_Task inputs_.
*** Begin section ***

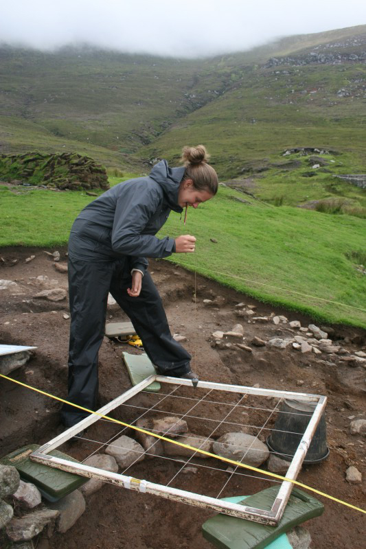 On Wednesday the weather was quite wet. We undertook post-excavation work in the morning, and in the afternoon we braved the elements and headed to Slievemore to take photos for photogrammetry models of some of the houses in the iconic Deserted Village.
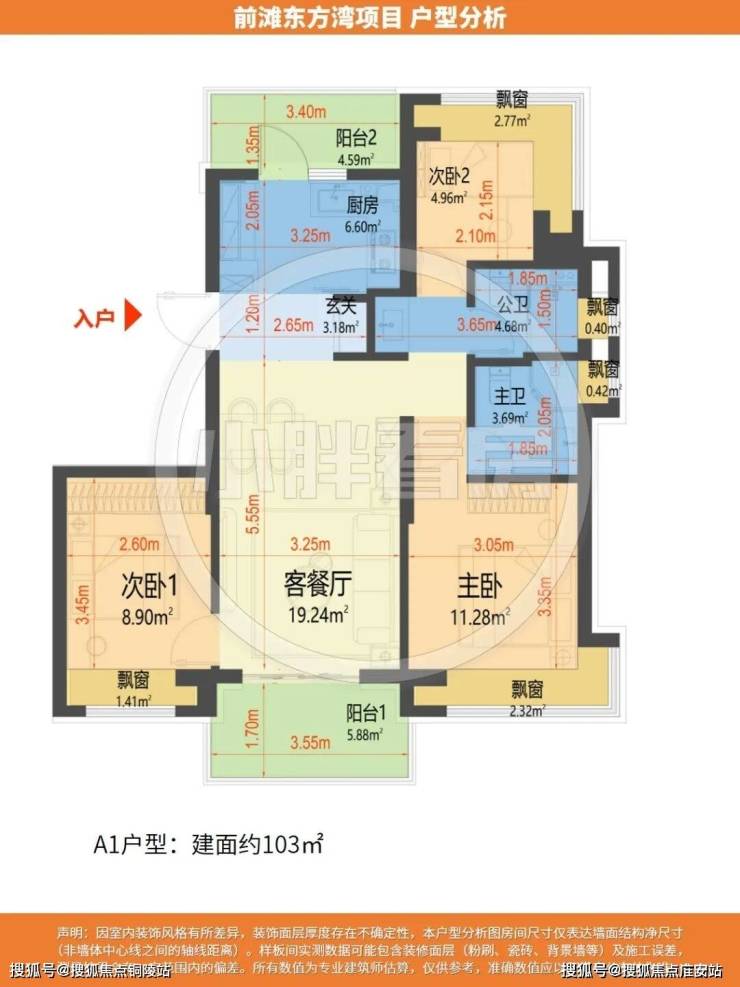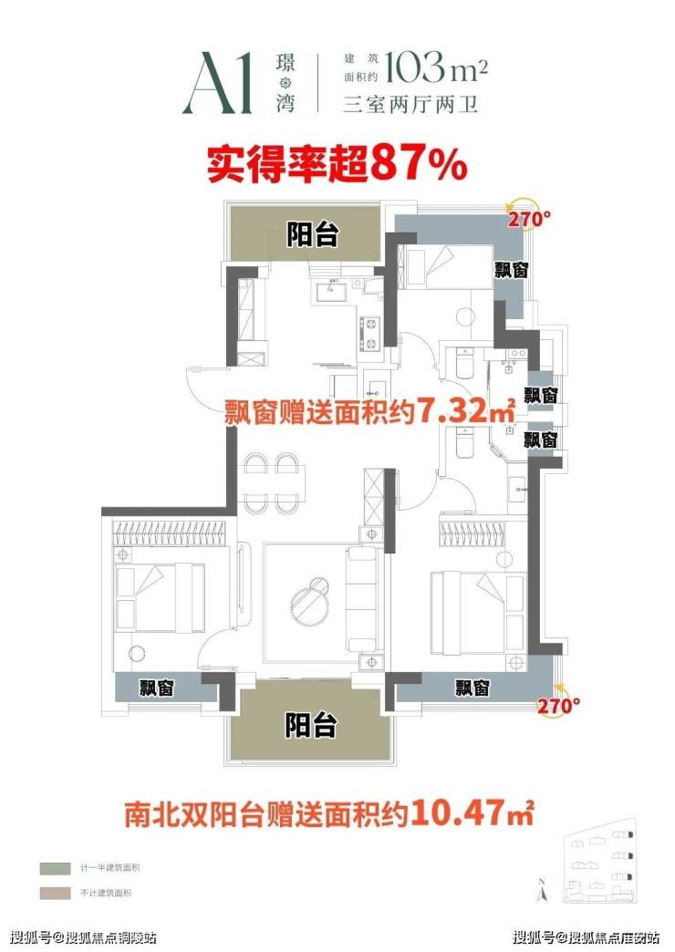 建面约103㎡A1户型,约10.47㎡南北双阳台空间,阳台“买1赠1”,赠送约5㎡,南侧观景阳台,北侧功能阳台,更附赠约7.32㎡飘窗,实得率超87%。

*** End section ***
*** Begin section ***

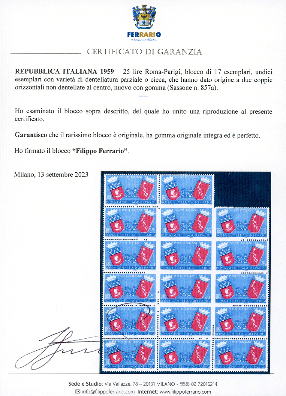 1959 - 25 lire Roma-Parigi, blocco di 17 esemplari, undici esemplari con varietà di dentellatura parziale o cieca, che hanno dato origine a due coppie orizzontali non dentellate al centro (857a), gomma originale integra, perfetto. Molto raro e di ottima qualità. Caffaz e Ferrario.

*** End section ***
*** Begin section ***

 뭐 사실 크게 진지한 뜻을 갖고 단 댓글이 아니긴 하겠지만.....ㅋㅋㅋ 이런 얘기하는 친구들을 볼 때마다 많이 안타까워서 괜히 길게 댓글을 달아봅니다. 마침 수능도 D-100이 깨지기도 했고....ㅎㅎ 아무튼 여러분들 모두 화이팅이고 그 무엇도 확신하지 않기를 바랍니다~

*** End section ***

_Problem_. Out of the records above, please copy exactly the lines from the line with "On Wednesday the" up to and including the line with "建面约103㎡A1户型,约1", minus the pictures.

_Exercise result_.
 On Wednesday the weather was quite wet. We undertook post-excavation work in the morning, and in the afternoon we braved the elements and headed to Slievemore to take photos for photogrammetry models of some of the houses in the iconic Deserted Village.
 建面约103㎡A1户型,约10.47㎡南北双阳台空间,阳台“买1赠1”,赠送约5㎡,南侧观景阳台,北侧功能阳台,更附赠约7.32㎡飘窗,实得率超87%。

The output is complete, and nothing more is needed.